**Data extract:**
————

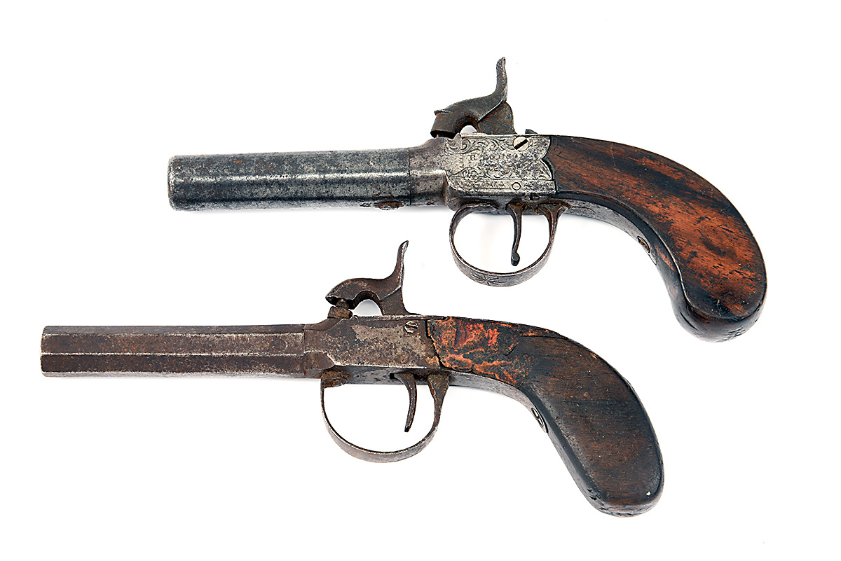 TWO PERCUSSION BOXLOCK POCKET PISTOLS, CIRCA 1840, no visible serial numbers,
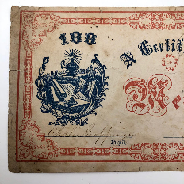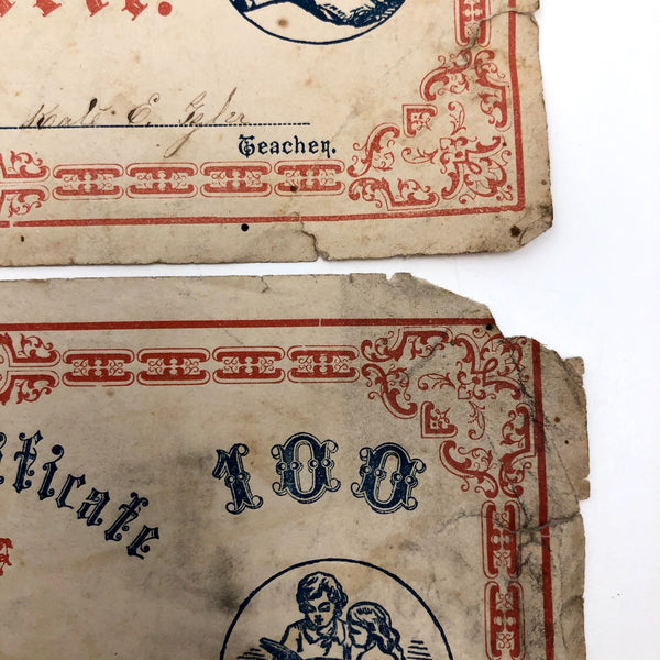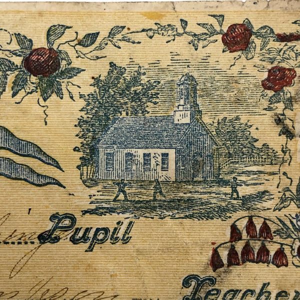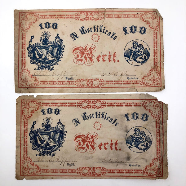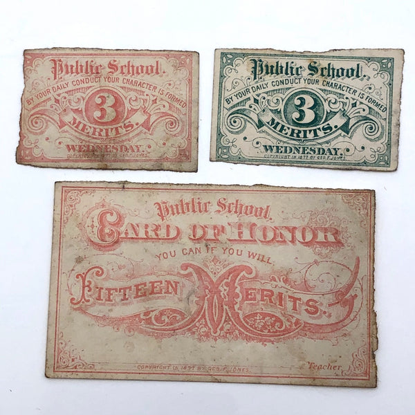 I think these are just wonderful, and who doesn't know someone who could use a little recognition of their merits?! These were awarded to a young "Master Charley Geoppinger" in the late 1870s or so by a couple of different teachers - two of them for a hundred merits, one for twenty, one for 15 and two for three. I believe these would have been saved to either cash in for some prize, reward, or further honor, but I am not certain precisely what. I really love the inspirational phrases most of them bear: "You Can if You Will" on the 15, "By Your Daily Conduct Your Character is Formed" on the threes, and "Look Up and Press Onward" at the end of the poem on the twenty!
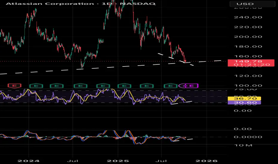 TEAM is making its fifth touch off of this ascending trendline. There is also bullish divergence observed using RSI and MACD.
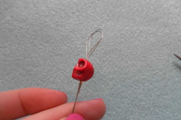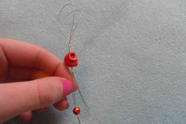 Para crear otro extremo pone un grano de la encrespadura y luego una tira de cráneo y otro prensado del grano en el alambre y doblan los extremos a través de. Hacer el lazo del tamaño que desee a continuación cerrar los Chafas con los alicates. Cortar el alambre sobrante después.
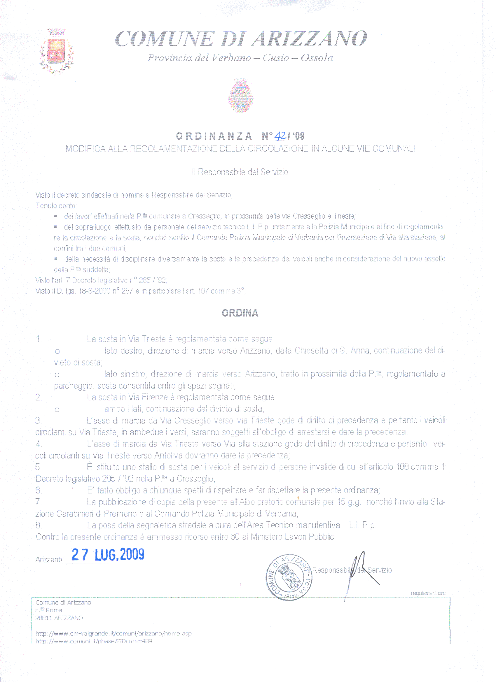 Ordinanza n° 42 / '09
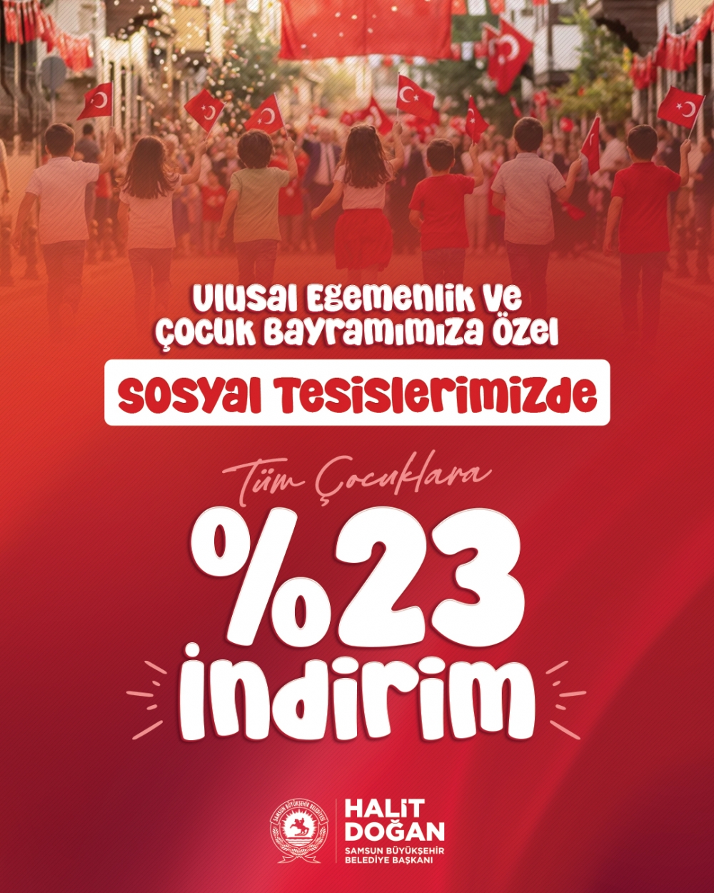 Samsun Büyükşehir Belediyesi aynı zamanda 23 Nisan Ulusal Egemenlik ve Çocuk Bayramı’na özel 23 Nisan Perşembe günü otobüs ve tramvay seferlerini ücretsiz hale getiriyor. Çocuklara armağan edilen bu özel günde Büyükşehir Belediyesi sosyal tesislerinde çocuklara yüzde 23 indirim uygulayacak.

————

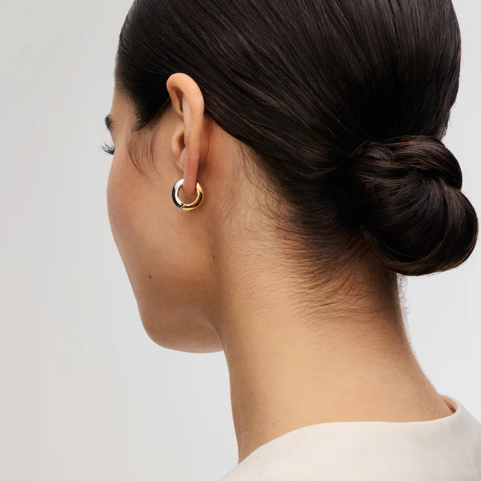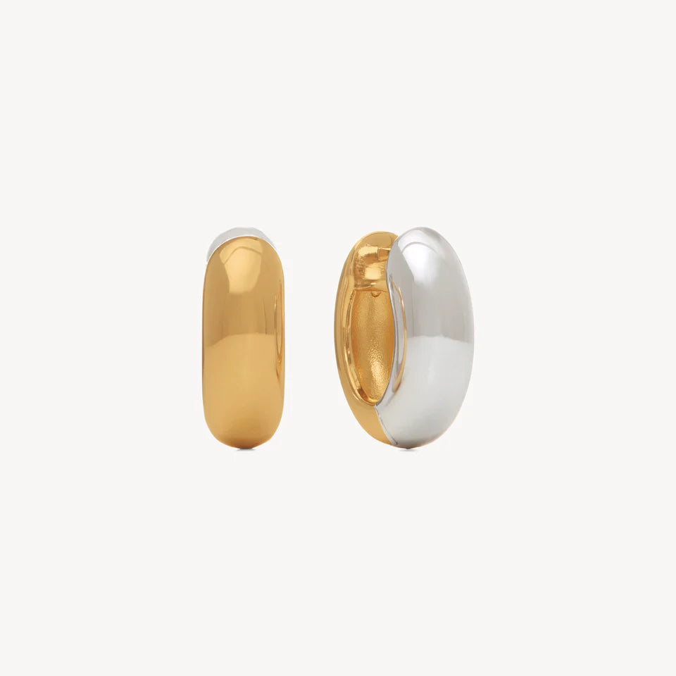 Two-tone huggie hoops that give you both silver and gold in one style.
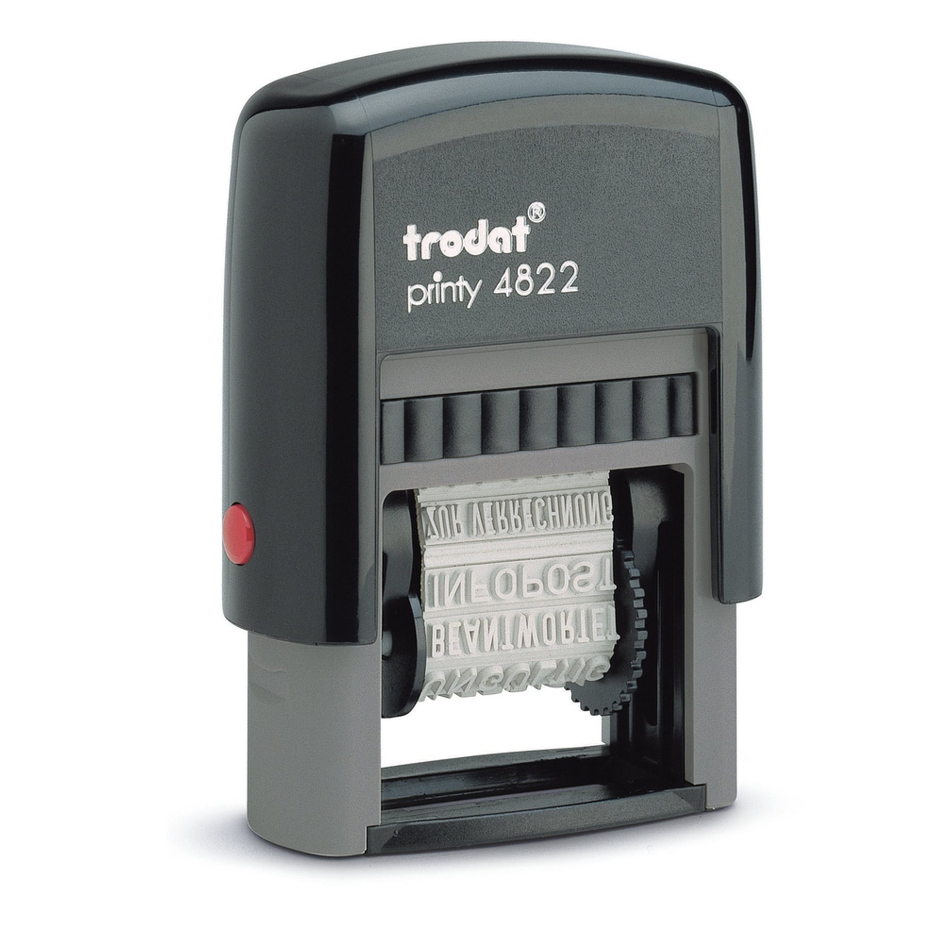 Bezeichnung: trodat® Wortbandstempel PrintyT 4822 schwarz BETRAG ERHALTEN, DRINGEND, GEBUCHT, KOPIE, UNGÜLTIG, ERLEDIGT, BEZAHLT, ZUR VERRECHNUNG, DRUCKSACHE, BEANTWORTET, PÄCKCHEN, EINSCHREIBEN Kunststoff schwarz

————

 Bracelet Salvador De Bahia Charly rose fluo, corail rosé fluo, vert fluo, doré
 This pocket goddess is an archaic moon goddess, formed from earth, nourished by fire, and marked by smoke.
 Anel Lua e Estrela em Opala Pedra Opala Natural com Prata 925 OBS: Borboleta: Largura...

————

**What the task asks:** Above are the records; copy exactly the lines from the one with "TEAM is making" through the one with "Samsun Büyükşehir Belediyesi", including both, and nothing more. Leave out pictures.

**Result of this exercise:**
 TEAM is making its fifth touch off of this ascending trendline. There is also bullish divergence observed using RSI and MACD.
 Para crear otro extremo pone un grano de la encrespadura y luego una tira de cráneo y otro prensado del grano en el alambre y doblan los extremos a través de. Hacer el lazo del tamaño que desee a continuación cerrar los Chafas con los alicates. Cortar el alambre sobrante después.
 Ordinanza n° 42 / '09
 Samsun Büyükşehir Belediyesi aynı zamanda 23 Nisan Ulusal Egemenlik ve Çocuk Bayramı’na özel 23 Nisan Perşembe günü otobüs ve tramvay seferlerini ücretsiz hale getiriyor. Çocuklara armağan edilen bu özel günde Büyükşehir Belediyesi sosyal tesislerinde çocuklara yüzde 23 indirim uygulayacak.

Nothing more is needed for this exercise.